WTI: You have always been involved with watches, but the last time you spoke to us, you mentioned a personal clock collection, including English long-case clocks from the 17th century. How did that start?
JR: I personally remain fascinated by 17th and 18th century English longcase clocks. Unfortunately, this collecting segment is not as popular as other categories, but it creates an amazing opportunity for one to buy amazing horological treasures from this era at unbelievably reasonable numbers. For the price of a modern stainless steel Patek Philippe Nautilus, one can buy one or two incredible examples of these masterpieces! That’s an incredible value proposition for something 300 years old and I am always on the hunt for more examples for my personal collection.
WTI: From being obsessed with Patek Philippe to working for the brand, how did that come about?
JR: I was working my way up the ladder at Sotheby’s in the year 2000 when I first received the call from a Patek Philippe head hunter. I thought it was a joke at first as it seemed too good to be true. Imagine getting a call out of nowhere saying that Patek Philippe would like to meet and discuss a possible position….I felt at the time I had won the lottery and was so grateful for the opportunity.
WTI: When it comes to the auction market, how do you think it has changed today, especially within the digital landscape?
JR: In my opinion, the auction market for watches is changing much faster than any of us ever imagined possible.
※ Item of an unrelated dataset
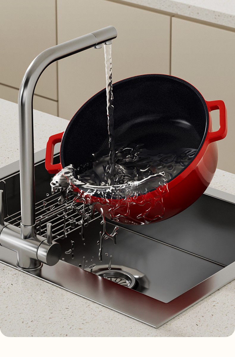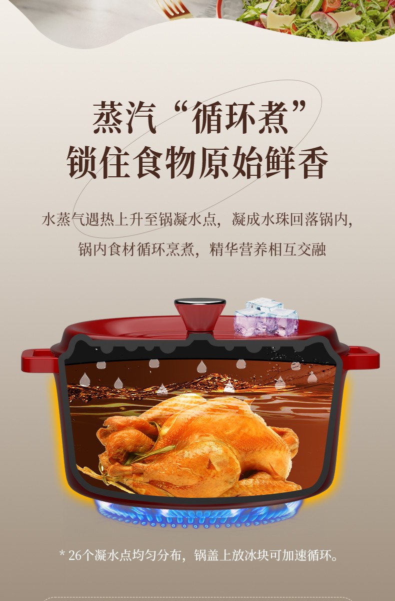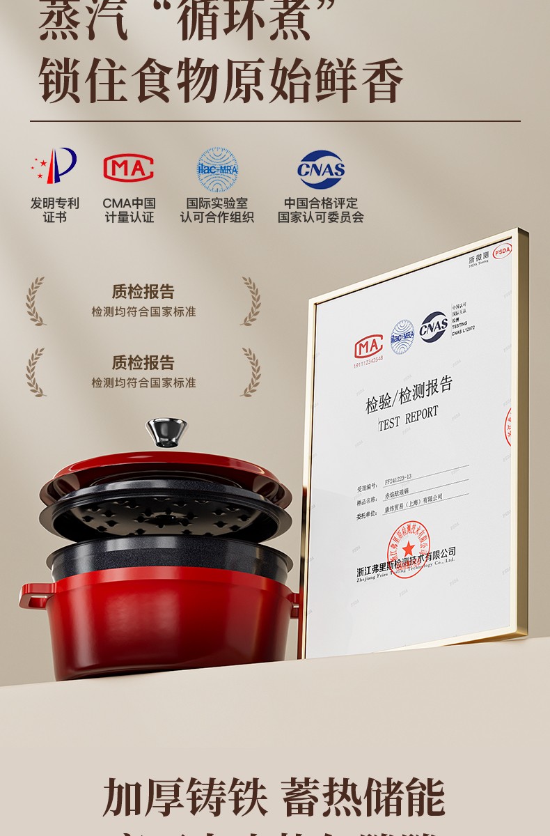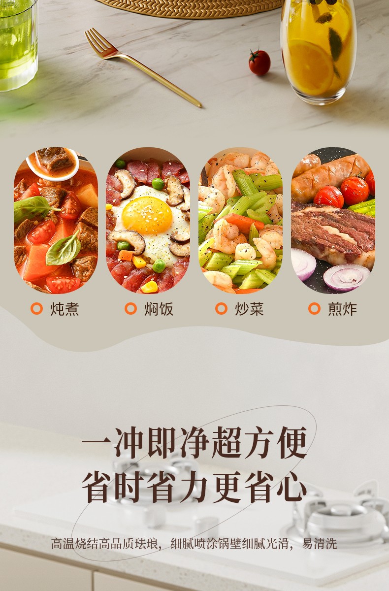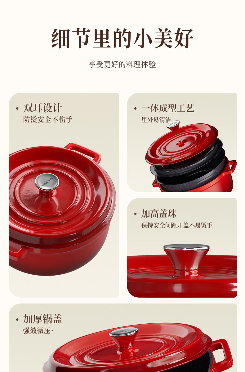(巨邦佑)BJ+康宁 赤焰珐琅锅铸铁锅 2.8L 家用明火炖锅砂锅煲汤锅不粘锅煮锅

I look back at the auction landscape five years ago, assess where the industry is now, and imagine what the watch auction market will be in fi ve years. One thing for sure will change—the forensic assessment of the case, dial and movement of each watch will become paramount, especially with vintage (and every watch eventually becomes vintage). Gone will be the days of strong opinions of influencers being accepted as the final word and we will welcome a new era based on facts. The scholarship available to all will experience a punctuated growth in the very near future and will be amplified globally thanks to the internet. Imagine what this will do to market prices…. In the end, it is all about the collector and his or her ability to know exactly what he or she is buying.